What happens in 10yrs when these "permanent" Super JOs decide to retire at 20 and there's no one left to fill the holes because initial accessions have been curtailed? I never was and never will be an NPC guy, but I imagine that you have to continue to feed the system with a given input. If you curtail the input you could create "pools" to provide for a short term surge but once these pools dry up it would be awhile before the pump that is NPC could refill the system.
It's not a binary dilemma. It's not "up or out" vs "everyone can stay around as long as they like". There are solutions which could offer a happy medium.
- Select and screen a certain percentage of guys as Permanent WTIs, VT Instructors, FRS Instructors, Adversary pilots, etc, in a similar way to the PMPs at the Academy.
- Expand the SAUs in each community to function as a UIC for permanent instructors without impacting the 'career' billets in the Fleet squadrons.
- Adopt a construct like the Air Reserve Technician model the USAFR uses, where people are hired as GS to support a Reserve unit or training unit, and hold a concurrent Reserve commission in that unit. So for example, GS-12 Joe directly supports the RAG as a ground school and/or sim instructor, and he's also LCDR Joe who keeps up his quals and currency with them, and can switch clothes as needed. It works great for the AF.
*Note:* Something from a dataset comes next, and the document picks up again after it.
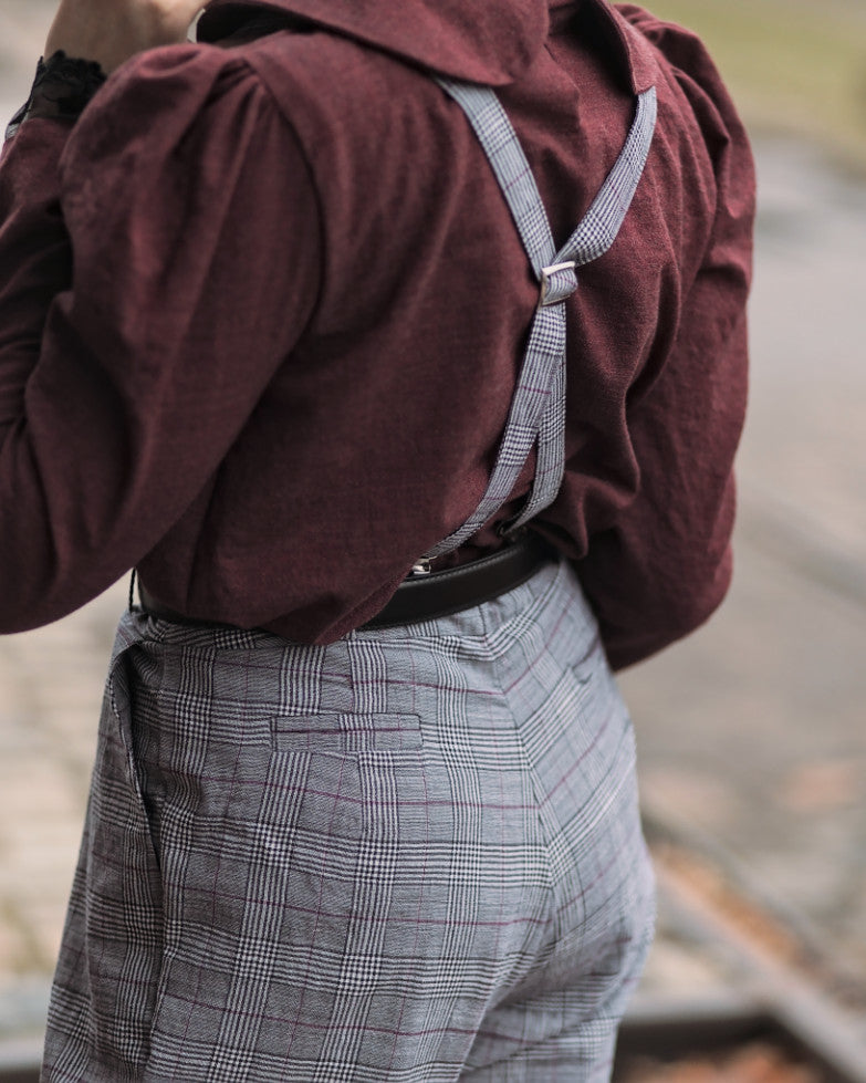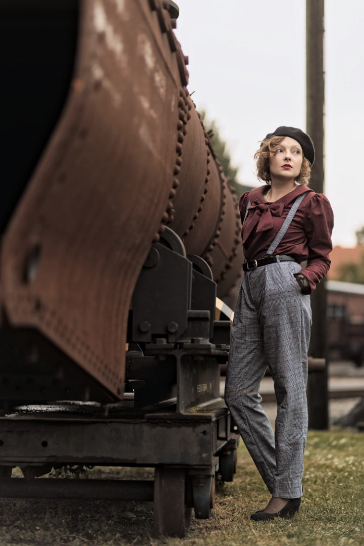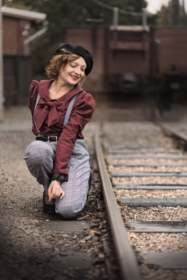 Vogelnaht enchants us once again with a sophisticated vintage-look outfit! She combined our 'Pomegranate' washwool with our 'Scott' glen check ! These two timeless classics not only match beautifully in color, but also complement each other perfectly in pattern and feel!

There's a lot of talk about how do you screen guys for promotion or DH/CO if there's no standard career path...there's definitely no such thing as a standard career in the Reserves, and yet they screen and promote guys there without issues. Once you dump the idea of being in the 'right jobs' and evaluate the records on their own merits, it's perfectly workable.
Isn't this what the Reserves are for?
I get that the current personnel system is not PERFECT, but it does seem to work. My observation is that a lot of the complaints on this board about the current system seem to fall under two categories:
1. No Peter Pans. This is the category for the individual who is upset that the system won't let him be a JO/put pilot for life and that they have to go to the boat/staff/get a patch*.
2. Personal wrongs. This is the category for the individual who is upset that the system has done them wrong based on outlier/exceptional circumstances.
A common factor in these gripes is that they're all about how the system is failing THE INDIVIDUAL. The system isn't allowing someone to do what he/she wants and therefore the system must be broken. But that's not what the system was designed for. However, these complaints seem to have evolved from "the system is bad because it doesn't do what I want" to "the system is bad because it has wasted my valuable training/qualifications/etc". It's a nice sales pitch by those people who want to do their own thing, but I'm just not sure there's a need for a 20yr LT WTI or FRS instructor. If there's data that shows that the current construct of the VT/FRS/WTI/whatever is failing then maybe that is a solution. But lacking that data, this is just a solution looking for a problem.
*Patch aside: I don't get the hatred of the patch. JOs wanted a path that allowed them to maintain tactical proficiency and keep flying. The WTI model was born that gives a clearcut path for guys to stay in grey airplanes but no one likes it because WTIs drink the Kool-Aid, tactics are dumb, gnar, whatever.